◆ TASK INSTRUCTIONS:
What you return must be an exact copy of the lines in the listing below between the line holding "ClosePerfect for boiling, these" and the line holding "- Eltern werden", inclusive, and nothing more.

◆ DATA RECORDS:
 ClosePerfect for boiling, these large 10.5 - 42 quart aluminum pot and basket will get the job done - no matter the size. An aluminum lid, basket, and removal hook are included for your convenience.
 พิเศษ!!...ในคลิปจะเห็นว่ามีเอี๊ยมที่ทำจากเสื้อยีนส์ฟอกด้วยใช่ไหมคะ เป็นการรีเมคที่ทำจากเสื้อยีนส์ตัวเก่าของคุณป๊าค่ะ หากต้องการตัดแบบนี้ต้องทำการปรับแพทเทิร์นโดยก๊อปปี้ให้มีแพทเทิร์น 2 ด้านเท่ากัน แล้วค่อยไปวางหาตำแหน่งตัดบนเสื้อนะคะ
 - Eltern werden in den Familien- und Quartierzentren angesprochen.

--

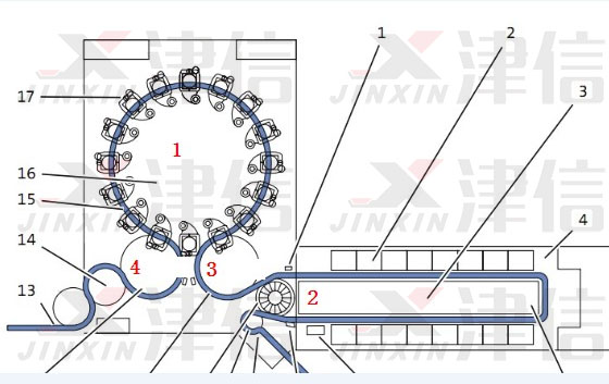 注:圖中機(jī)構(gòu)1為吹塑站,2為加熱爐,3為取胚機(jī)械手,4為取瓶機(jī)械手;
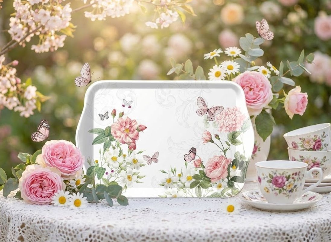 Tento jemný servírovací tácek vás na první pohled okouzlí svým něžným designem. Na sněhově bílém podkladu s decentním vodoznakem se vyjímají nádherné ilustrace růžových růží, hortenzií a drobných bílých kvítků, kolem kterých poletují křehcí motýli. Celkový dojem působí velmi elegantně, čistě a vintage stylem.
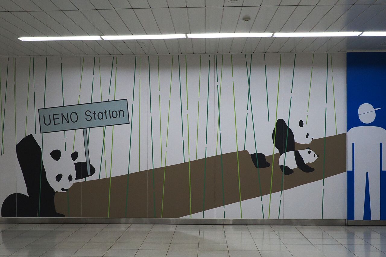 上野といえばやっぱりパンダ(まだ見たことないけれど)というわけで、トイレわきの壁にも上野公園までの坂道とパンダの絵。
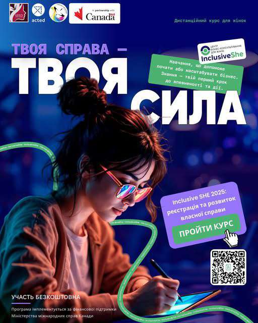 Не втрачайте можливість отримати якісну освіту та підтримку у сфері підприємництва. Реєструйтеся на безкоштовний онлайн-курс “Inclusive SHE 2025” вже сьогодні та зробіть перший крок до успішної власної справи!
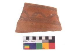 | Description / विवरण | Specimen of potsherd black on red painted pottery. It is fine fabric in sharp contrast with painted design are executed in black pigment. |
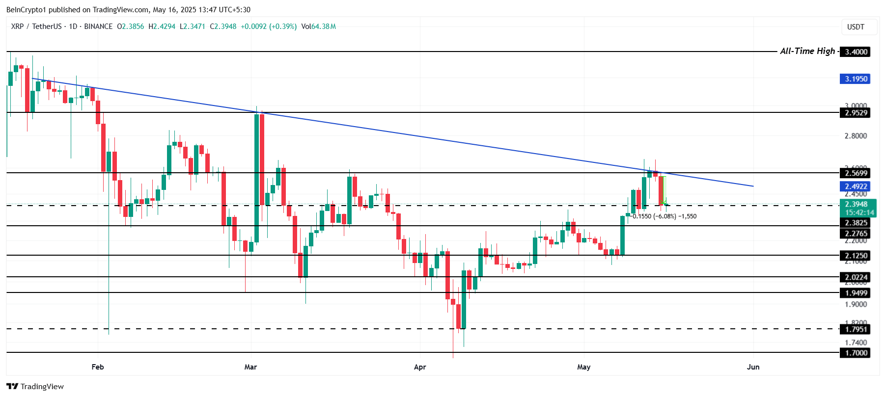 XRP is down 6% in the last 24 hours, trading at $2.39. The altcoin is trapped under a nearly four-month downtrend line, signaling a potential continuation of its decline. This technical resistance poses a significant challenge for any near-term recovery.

◆ THE COMPLETED TASK:
 ClosePerfect for boiling, these large 10.5 - 42 quart aluminum pot and basket will get the job done - no matter the size. An aluminum lid, basket, and removal hook are included for your convenience.
 พิเศษ!!...ในคลิปจะเห็นว่ามีเอี๊ยมที่ทำจากเสื้อยีนส์ฟอกด้วยใช่ไหมคะ เป็นการรีเมคที่ทำจากเสื้อยีนส์ตัวเก่าของคุณป๊าค่ะ หากต้องการตัดแบบนี้ต้องทำการปรับแพทเทิร์นโดยก๊อปปี้ให้มีแพทเทิร์น 2 ด้านเท่ากัน แล้วค่อยไปวางหาตำแหน่งตัดบนเสื้อนะคะ
 - Eltern werden in den Familien- und Quartierzentren angesprochen.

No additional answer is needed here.